11. The antibody of claim 10, wherein the antibody binds a nucleotide binding site domain of the E2IG3 polypeptide.

12. A method for identification of molecules that modulate E2IG3 expression comprising:

adding candidate molecules to the culture medium of cells expressing E2IG3 mRNA;

measuring E2IG3 expresssion; and

comparing the level of E2IG3 expression in the presence of the candidate molecules to the level of E2IG3 expression in the absence of the candidate molecules.

13. The method of claim 12, wherein E2IG3 expression is measured by E2IG3 polynucleotide expression.

14. The method of claim 12, wherein E2IG3 expression is measured by E2IG3 polypeptide expression.
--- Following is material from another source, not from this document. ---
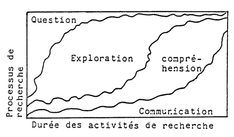 1) prise de conscience du problème le chercheur prend conscience d'une question, d'un problème ou d'un intérêt ressenti de manière subjective (p. 22) vécu de manière préconsciente, pré-verbale dans un contexte expérientiel puis devient de plus en plus préoccupé par le désir de trouver une réponse état de crise -> obsession verbalisation chercher des mots, des concepts des significations pour traduire cette expérience la prise de conscience de plus en plus accentuée d’une question de recherche est en elle-même une découverte même si elle prévaut tout au début, la prise de conscience s’accentue tout au long de la démarche de recherche émergence de questions ou d'affirmations spécifiques qui sont révisées ou clarifiées selon le sens qu'elles prennent pour l'individu de manière provisoire sujettes à des changements au fil de l'expérience 2) exploration par l'expérience cerner le problème s’immerger dans la situation pour en saisir toute la complexité engagement personnel écouter, observer, suivre son intuition, prendre des risques l'attention devient de plus en plus sélective toute pensée, signification, sensation ou expérience qui aide nous attire synchronicité excitation, émotivité, authenticité collecter des données sans nécessairement chercher à les ordonner en système la subjectivité du chercheur est sollicitée de façon particulière cette méthode de recherche demande de croire en sa propre expérience et de ne pas avoir peur d'explorer les avenues de la connaissance parfois inconnues telles que l'intuition et l'inconscient il peut arriver que le chercheur fasse l'expérience de l'ambivalence et du chaos retourner fréquemment au problème de départ permet de se rendre compte de notre évolution de nos changements de nos apprentissages permet de vérifier les progrès de décider de continuer dans la même direction ou d'explorer d'autres avenues émergence de nouvelles significations, méthodes et idées alors que les anciennes s'estompent laisser une place au hasard, essai erreur 3) la compréhension étape de l'éclaircissement, de la conceptualisation et de l'intégration des découvertes rassembler toutes les ressources, documents, expériences, visions, souvenirs pour les examiner en profondeur se forger graduellement une impression globale ou holistique une vision intégrée intégration, clarification et articulation des données significatives de l'exploration pour soi-même identification et différenciation des dimensions fondamentales des réalités perçues leur signification phase qui donne préséance aux processus rationnels de pensée aux processus de représentation conceptuelle tenter de formaliser sa pensée, sa compréhension du phénomène par des schémas ou par l’écriture étape de saisie objective appelant la formalisation la compréhension incite à «visiter» des modèles théoriques, des oeuvres, des auteurs, des personnes concernées par le phénomène à l’étude pour comparer ce que «l'exploration ou le processus de l'expérience» a permis de sentir et de saisir de façon parfois fugace retarder cette étape le plus possible pour éviter la « contamination » 4) la communication étape de mise en forme et de diffusion acte d'engagement désir de faire valoir la signification de ses expriences et découvertes projection dans le domaine public de la quête personnelle trouver les mots, trouver la forme écriture d’une thèse, d’un article ou d’un livre production d'une oeuvre le processus de recherche comporte nécessairement une opération de diffusion de présentation publique des résultats de la démarche peur du rejet, de la désapprobation, du ridicule aucun contrôle sur les réactions des autres circularité de la démarche l'approche heuristique est découpée en étapes exposées successivement toutefois ce processus de recherche n'est pas linéaire -> circulaire les étapes doivent être comprises comme faisant partie de cycles comme des opérations récurrentes ou intératives plutôt que successives même si une étape du processus a momentanément prédominance sur les autres ils sont tous en interaction les uns avec les autres (p.27) il apparaît que les étapes 2 (exploration) et 3 (compréhension) sont centrales et qu’elles sont itérées plusieurs fois les temps d'exploration (de l'intérieur) et de compréhension (de conceptualisation et de rencontre de textes, d'auteurs, d'oeuvres) reviennent de manière récurrente tout au long de tels processus -> transformations de la question et du chercheur alternances sentiment | pensée | implication | réflexion | dialogue | solitude | clarté | incertitude | étendue | profondeur | expansion | consolidation | exploration | focalisation | réception | réponse | précaution | risque | retrait | croissance | etc. source : notes de cours fournies par Pierrre Gosselin (2010) |

15. A method for identification of molecules that modulate E2IG3-mediated apoptosis comprising:

measuring the degree of apoptosis; and

comparing the degree of apoptosis in the presence of the candidate molecules to the degree of apoptosis in the absence of the candidate molecules.

16. A method of treating or preventing a proliferative disease in a mammal comprising administering a polypeptide of claim 1.

17. A method of treating or preventing a proliferative disease in a mammal comprising administering a polynucleotide of claim 2.

18. A method of treating or preventing a proliferative disease in a mammal comprising administering an antibody of claim 10.